Bitcoin (BTC) volatility declined at the end of the last week of July as the monthly close approached.
BTC/USD 1-hour candle chart (Bitstamp). Source: TradingView
The 200-week moving average is in focus for the July close
Data from Cointelegraph Markets Pro and TradingView showed BTC/USD holding $24,000 as resistance until July 30.
The pair benefited from overall tailwinds across risky assets in the second half of the week, including the gushing end of US stocks. The S&P 500 and Nasdaq Composite are up 4.1% and 4.6% for the week, respectively.

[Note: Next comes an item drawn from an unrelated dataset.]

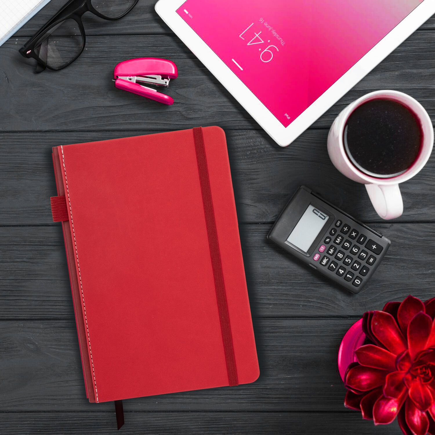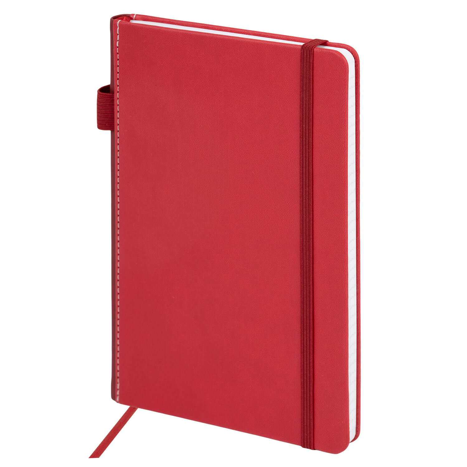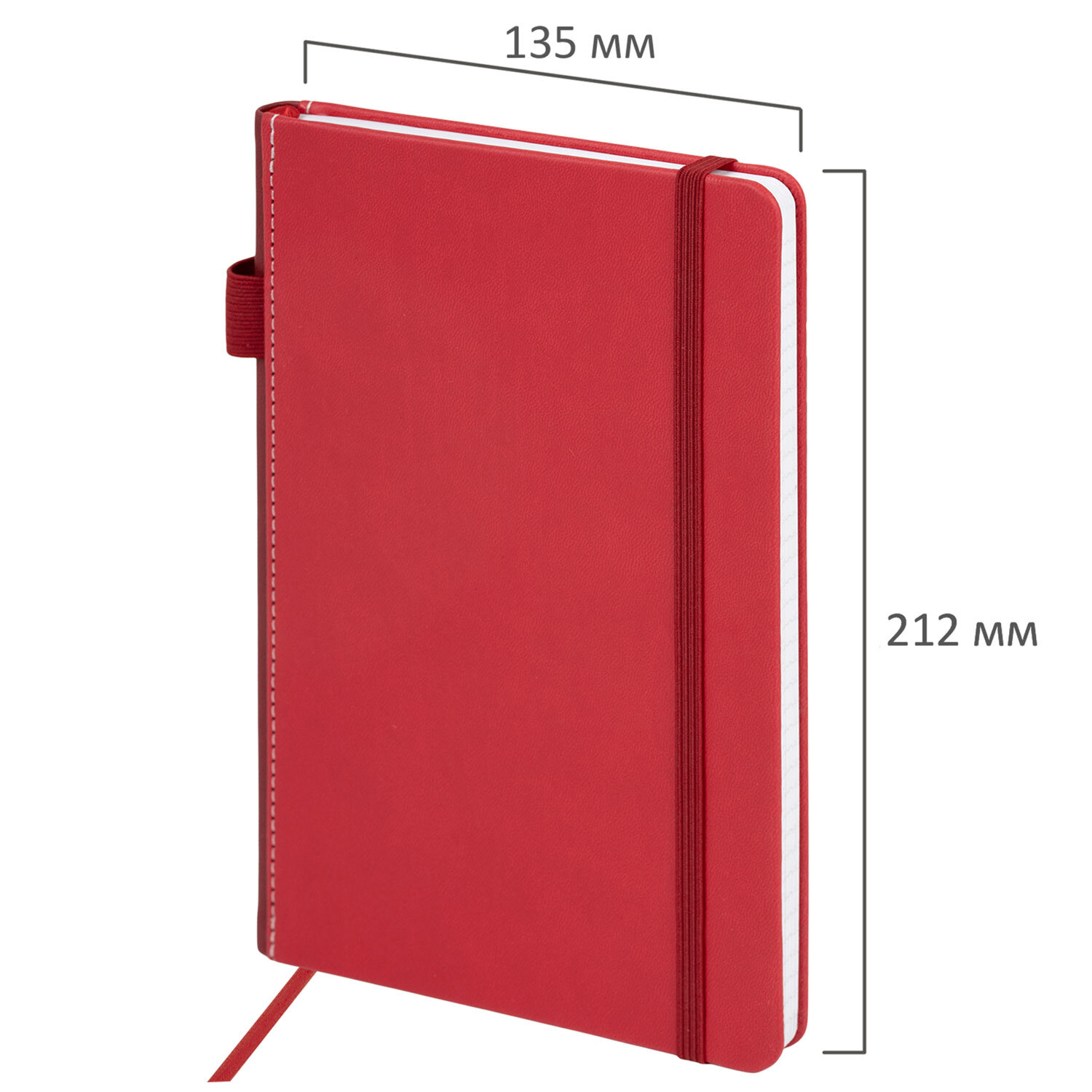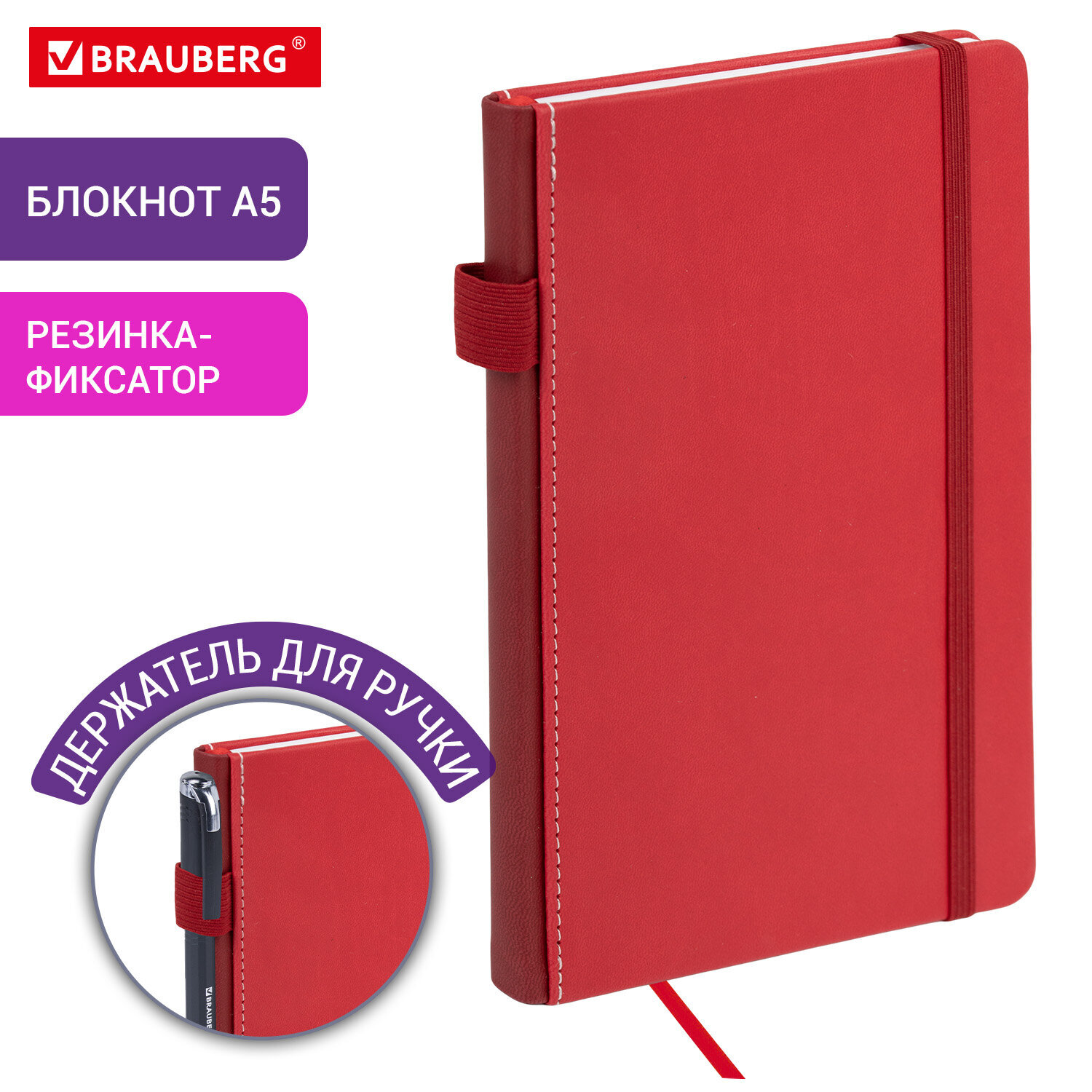 Блокнот А5 135×212 мм BRAUBERG «Edge», под кожу, резинка, держатель, 80 л., клетка, красный, 117147

With patchy trading potentially sparking choppy conditions in the weekly and monthly close thanks to poor liquidity, analysts warned that anything could happen between now and July 31.
Josh Rager summed up: “I’m going to sit back for a bit and watch the market until the weekly close as always”:
“It’s hard to get into any trades seriously although it could be a few outliers in the current market condition that continues to do well over the weekend.”
Others focused on the importance of the current spot price levels, which are above the major 200-week moving average (MA) at $22,800. Ending the week above this trend line would be the first for bitcoin since June.
However, famous trader Roman, who takes a conservative short-term view, called for a return to at least $23,000 thanks to “overbought” conditions.
Optimism continued to increase across the crypto markets during the week, with the Crypto Fear & Greed index reaching its highest levels since April 6 after emerging from the longest period of “extreme fear”.
At 45/100, the index was officially in “neutral” territory today.